By Jim Bai and Eadie Chen

BEIJING, Dec 8 (Reuters) - China is promising a big cut in petrol prices to sweeten a major fuel price reform that will leave drivers paying much more in the longer term and even more likely to drive less if fuel prices rally again.

China could cut net pump prices by almost a quarter when the reforms start on Jan.1, according to Reuters calculations.

By allowing the limited liberalisation of domestic gasoline and diesel prices and shifting to a much bigger consumer tax, Beijing sent a clear signal that consumers -- not its refiners -- would be required to bear more of the future cost of fuel, making the world's No. 2 oil consumer more sensitive to prices.

For oil markets counting on China's growing demand to help offset contracting consumption in the industrialised world, the reforms may give one more reason to think twice before bidding U.S. crude back toward its record $147 high. U.S. crude fell last week to nearly $40, its lowest in almost four years.

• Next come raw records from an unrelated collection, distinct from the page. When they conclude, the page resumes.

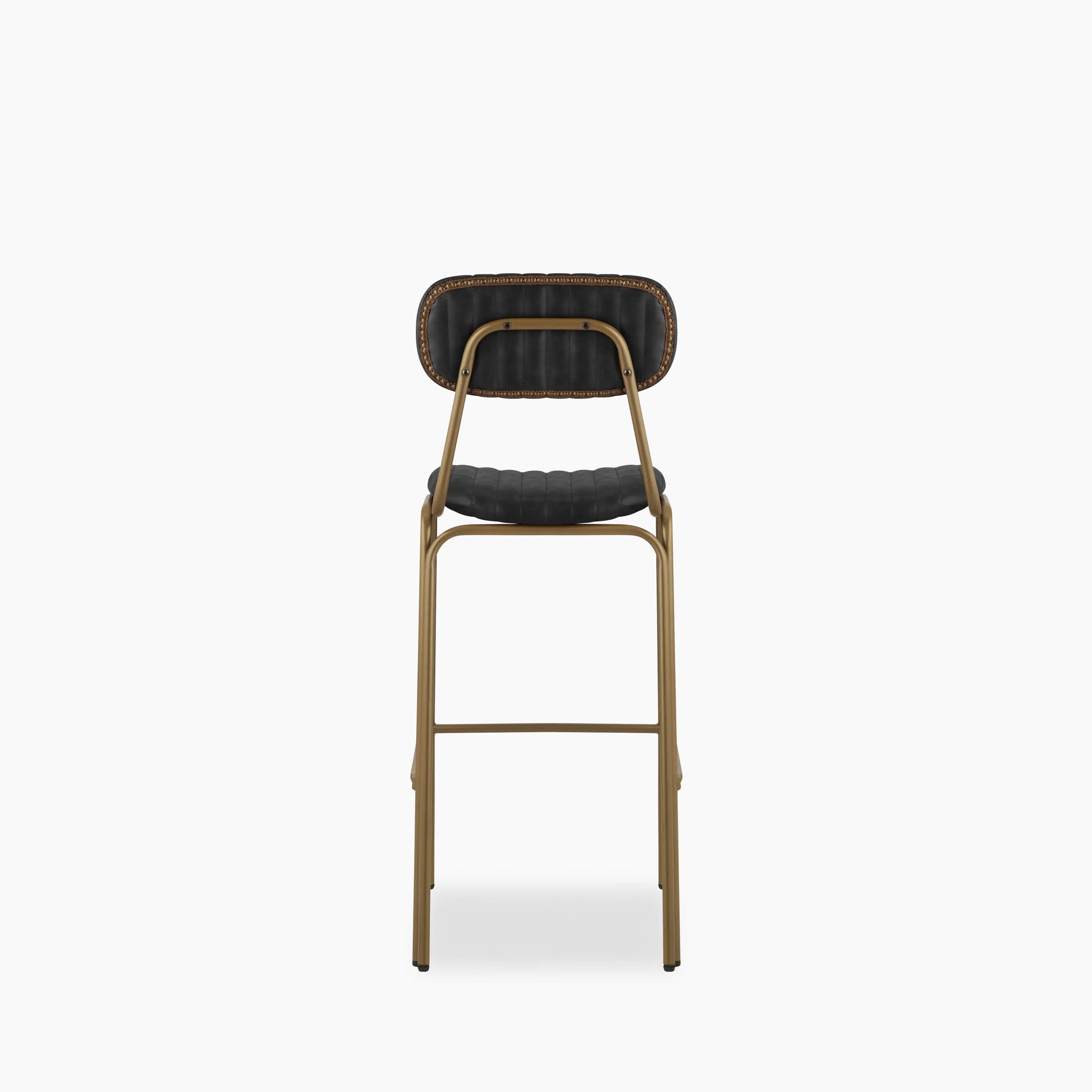 Boston Bar Stool With Backrest | Vintage Black Faux Leather & Brass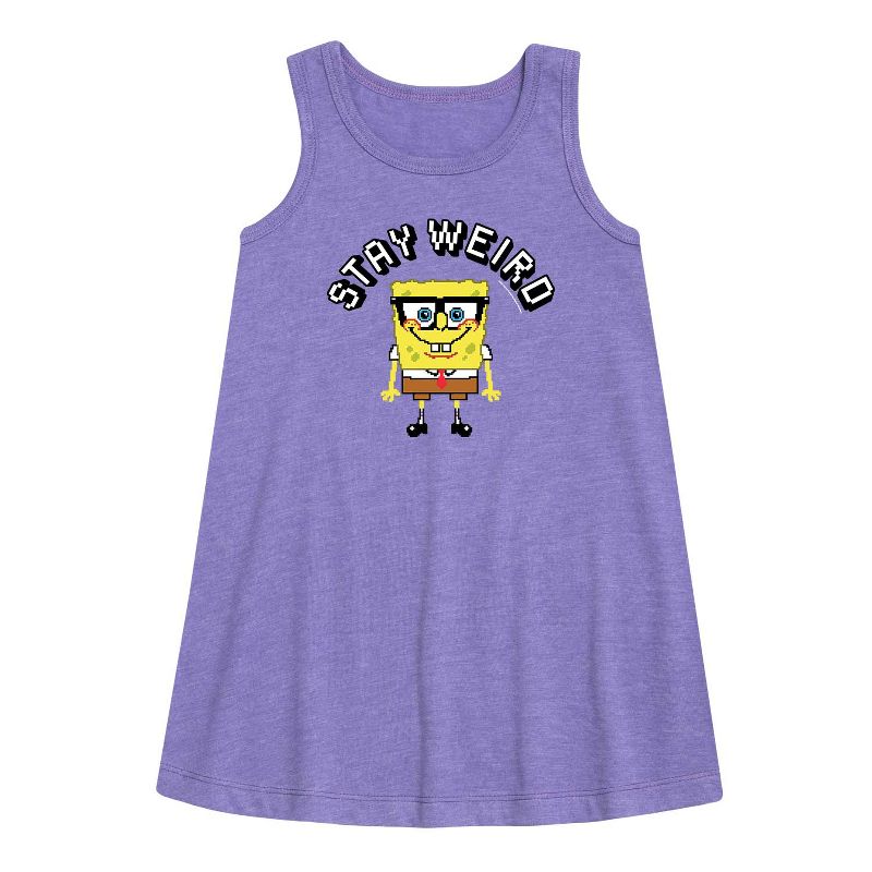 سبونج بوب سكوير بانتس - ابق غريبًا - فستان بقصة A للبنات الصغيرات والشابات - انغمسي في متعة بيكيني بوتوم مع ملابس سبونج بوب سكوير بانتس الجرافيكية! تتميز هذه المجموعة بتصاميم ملونة لسبونج بوب، وباتريك، وسكويدوارد، وساندي، وغيرهم، وتضفي لمسة من الفكاهة واللحظات التي لا تُنسى على المسلسل. مثالية لمحبي المسلسل من جميع الأعمار، حيث تضفي لمسة شخصية مميزة على أي خزانة ملابس.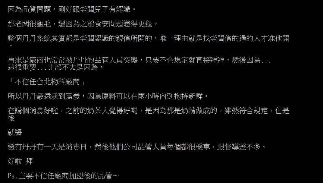這名網友還強調說「不去北部是因為『不信任台北的物料廠商』,所以丹丹最遠就到嘉義,因為原料可以在兩小時內保持新鮮」、「主要不信任廠商加盟後的品管」,最後更踢爆「之前的奶茶人覺得好喝,是因為那是奶精做成的,雖然符合規定,但事後…就醬」。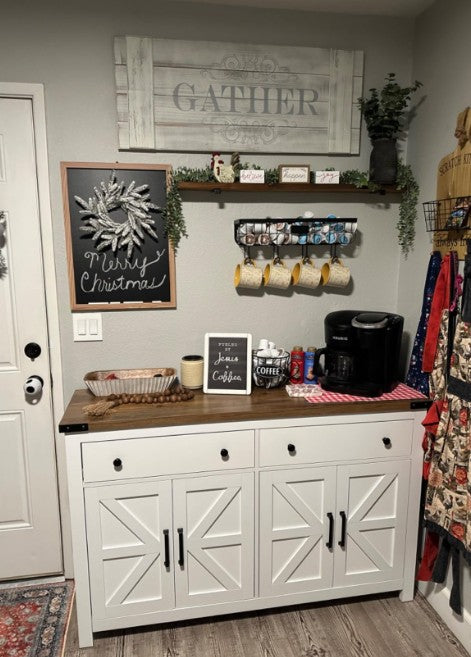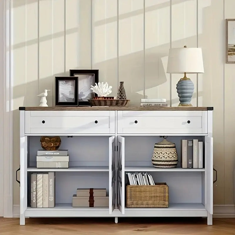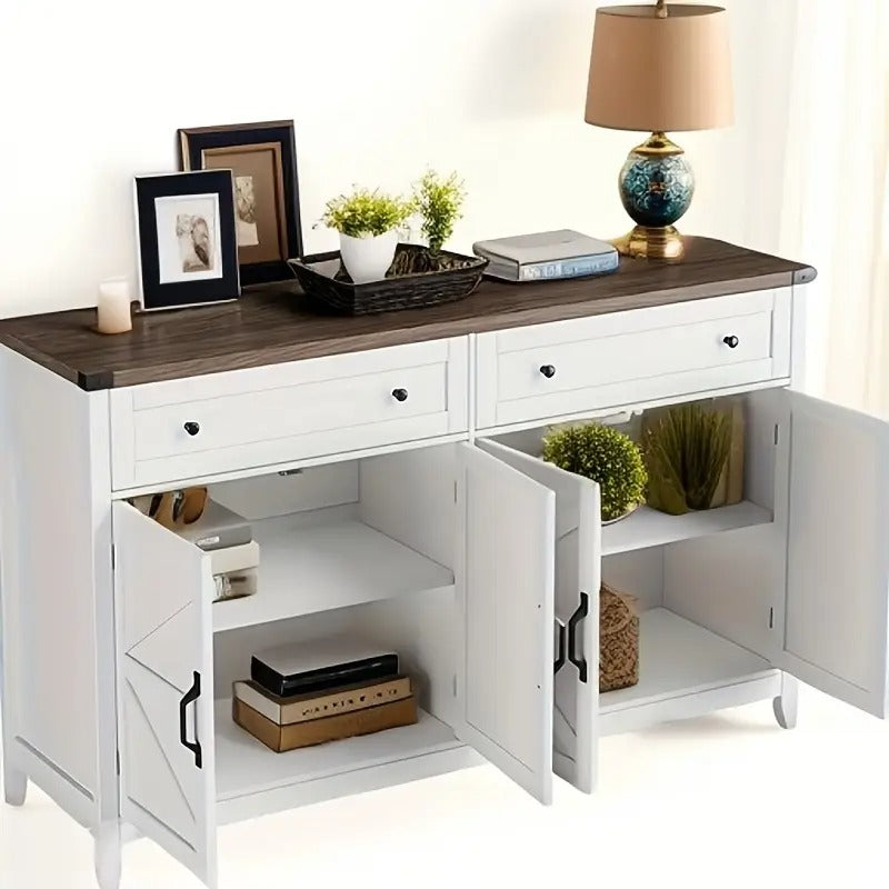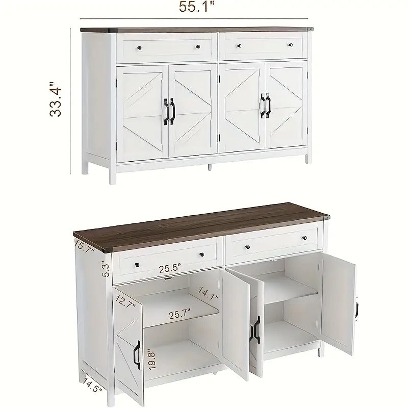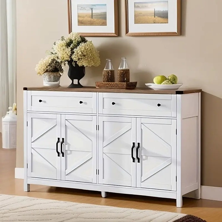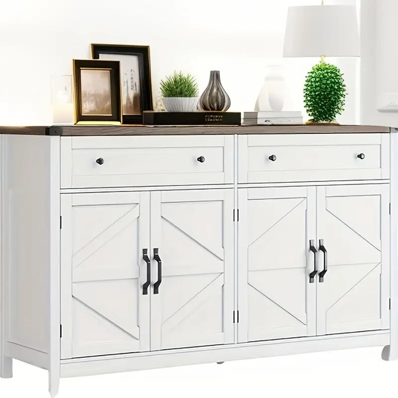 Designed to meet your everyday storage needs, this white buffet cabinet offers a spacious tabletop perfect for coffee makers, microwaves, or decor. Two smooth-gliding drawers keep utensils, napkins, and paper towels organized, while four barn-style cabinets with adjustable shelves provide flexible storage for mugs, dishes, and other kitchen essentials.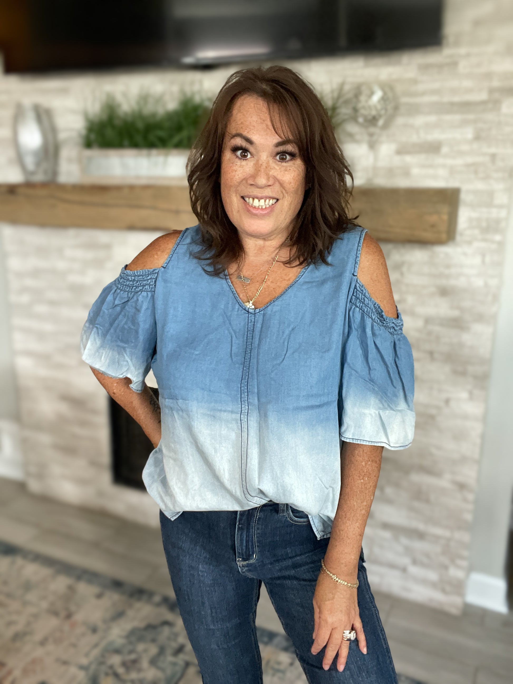 Chambray Ombre Denim Cold Shoulder Top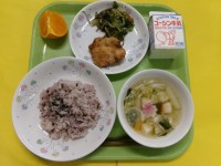 今日は人気メニュー「ミートソーススパゲティ」です。スパゲティの中では、一番人気があります。ミートーソースは、じっくりと時間をかけて煮込みました。仕上げに粉チーズを加えてコクを出しています。「マセドアンサラダ」の「マセドアン」とはフランス語で「さいの目切り」や「角切り」を意味します。今日の給食でも、じゃがいもや人参、きゅうりをさいの目切りにして、食べやすく見た目も美しく仕上げました。また、野菜だけでなく、大豆・青大豆・ロースハムが入り、栄養満点です。今日は人気メニューということもあり、全体的に残菜が少なかったです。

"China's fuel pricing and tax reform will definitely curb its consumption of refined oil products," said a senior official at the energy department of the National Bureau of Statistics.

"Even though a price cut and a fuel tax will be launched at the same time soon, the tax will be introduced in an incremental manner and it will become higher in the future. In the long term, I think China's oil demand will get bigger and bigger. What the government wants to ensure is that it will not grow too fast."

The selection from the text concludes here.